The working memory plays an essential role in everyday activities such as remembering the hands of a clock when asked for the time. Normally, we stop looking at the position of the clock hands to focus on the person talking to us and respond. But how do we maintain this information in our minds? Can we "read" this memory in people's eye movements?

Traditionally, eye movements have been considered a confounding variable that can complicate the study of memory through neuroimaging. However, in recent years, the study of gaze patterns has regained significant relevance in cognitive neuroscience to understand how we remember visuospatial information and how mental representations are modified depending on external demands.
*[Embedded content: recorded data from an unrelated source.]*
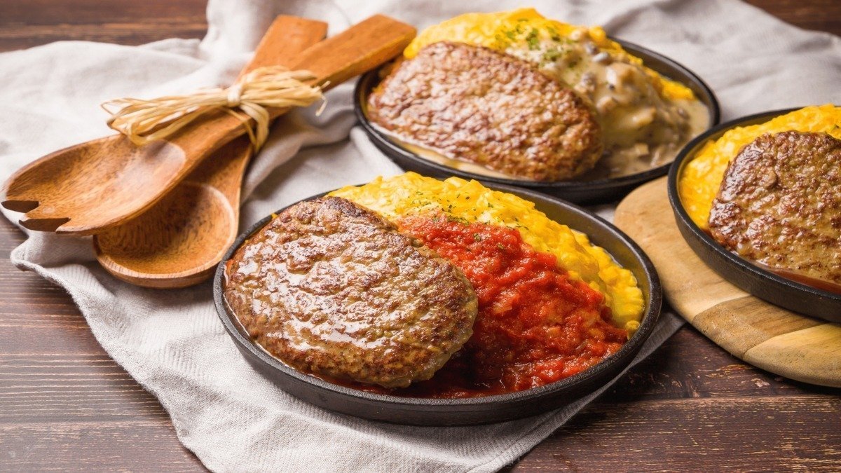 オムハンバーグのデリバリー専門店です。半熟卵のオムライスにハンバーグをトッピングした幅広い年齢層の方に支持されているメニューです🥄
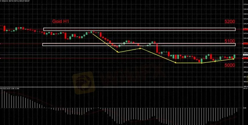 Saat ini harga bergerak dalam kisaran sempit 5000–5030, menandakan adanya minat beli di sekitar level psikologis tersebut. Namun secara keseluruhan, struktur pasar masih berada dalam fase konsolidasi rendah dalam tren menurun.
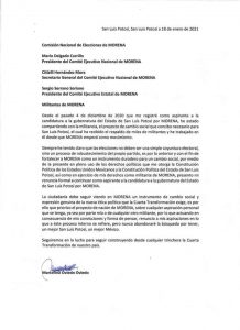 En la misiva, justificó su decisión con la finalidad de fortalecer el movimiento morenista en San Luis Potosí, como un “instrumento” duradero para un cambio social.
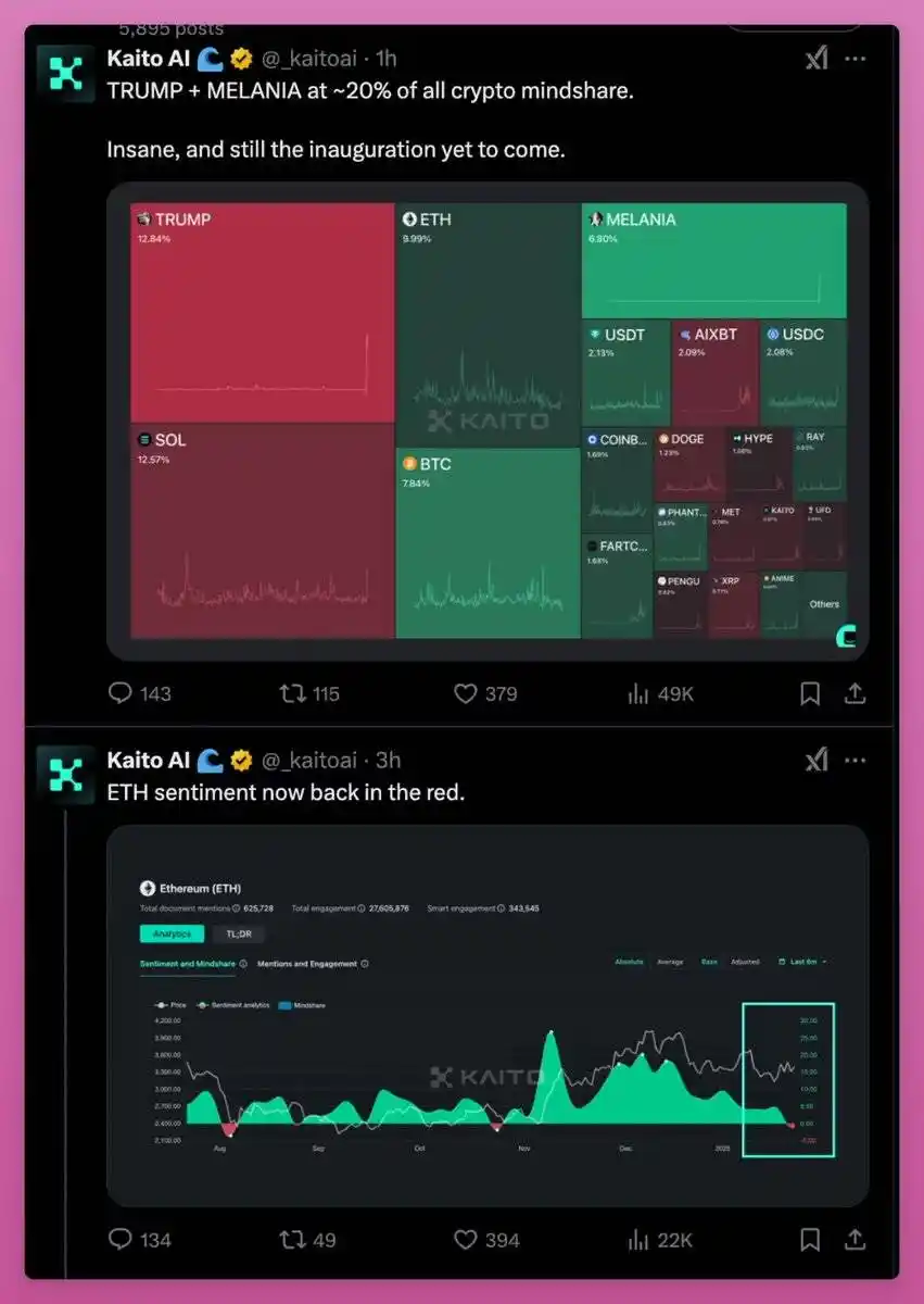 这一周末毫无疑问是属于 Solana 的:$TRUMP、MELANIA 和 $SOL 占据了市场的主要关注点。而与此同时,ETH 的市场情绪再次转为负面。
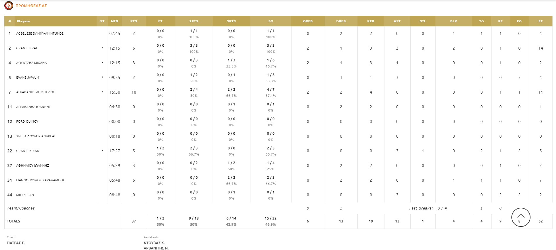 ΠΡΟΜΗΘΕΑΣ (Λιμνιάτης): Χάμοντς 20 (6/9 δίποντα, 2/5 τρίποντα, 2/3 βολές), Κόουλμαν 7 (3/5 δίποντα, 8 ριμπάουντ), ΜακΚάλουμ 7 (2/5 σουτ, 3/4 βολές, 3 ριμπάουντ, 8 ασίστ, 4 κλεψίματα, 5 λάθη), Καραγιαννίδης 9 (4/7 δίποντα, 1/5 βολές, 10 ριμπάουντ), Γκρέι 14 (3/10 δίποντα, 2/7 τρίποντα, 2/3 βολές), Πλώτας, Μπαζίνας, Λάγιος, Κομνιανίδης, Πόλικαπ 7, Μακούρα 15 (2/4 δίποντα, 3/5 τρίποντα, 2/2 βολές), Σταυρακόπουλος.
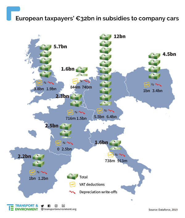 Eerder deze maand bleek al uit cijfers van T&E dat subsidies voor bedrijfsauto’s Europese belastingbetalers jaarlijks 32 miljard euro kosten, terwijl deze subsidie bijna geheel wordt besteed aan benzine- en dieselvoertuigen. Voor de Nederlandse belastingbetaler liggen deze kosten op ongeveer 1,6 miljard euro per jaar.

In a study conducted by CIMCYC researcher Juan Linde Domingo (Memory and Language group) in collaboration with Bernhard Spitzer (Max Planck Institute for Human Development), the eye movement patterns of participants were analyzed to understand how we remember certain information and how it adapts depending on our attentional processes. This work demonstrates that even when people were instructed not to move their eyes, tiny changes in gaze direction revealed what information they were recalling. These eye movements can reflect multiple memories simultaneously (in this case, the orientation of two different objects at the same time). Furthermore, these eye movement patterns showed how the way the specific orientation of an object was reflected changed depending on whether attention was withdrawn at some point. Specifically, after processing new visual information, eye movements continued to reflect information but with more abstract and generalizable representations between stimuli.

This innovative work underscores that eye movement patterns reveal much information about how we visually remember things, that our memories change when we stop paying attention to them, and the importance of studying eye movement patterns for memory research.